Start with a simple proposition: if something is profitable, it will be done. Asset managers may dispose of shares in fossil-fuel businesses and banks may refuse to finance them. Some investors might refuse to own or fund companies that do things they consider wicked. But my fellow columnist, Stuart Kirk, is correct that someone else will then own and finance them, provided they are profitable.

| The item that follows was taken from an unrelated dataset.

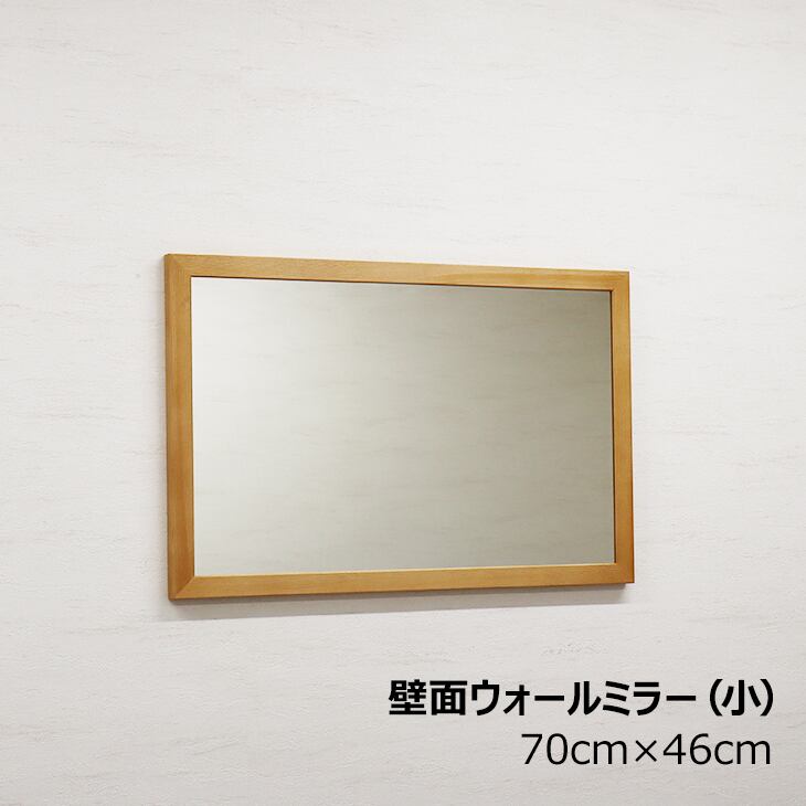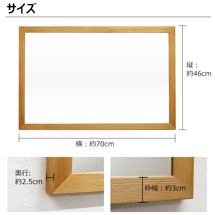 壁面ウォールミラー 小 天然木 ブラウンorナチュラル 幅:約70cm 高さ:約46cm 安心の国産メーカー直送 スッキリ 壁掛け フラット まっすぐ デザイン 28848 28849 日本製

Those actors might be foreign governments and businesses or domestic private entities. Regulation might curb some activities. But political resistance is likely to make such regulation difficult – consider the debate over production of fossil fuels in the US. Moreover, oil producers will defend their interests to the death, as they showed at Cop27 in Egypt. If one doubts just how difficult it is to halt a profitable business, take a look at the history of drug prohibition.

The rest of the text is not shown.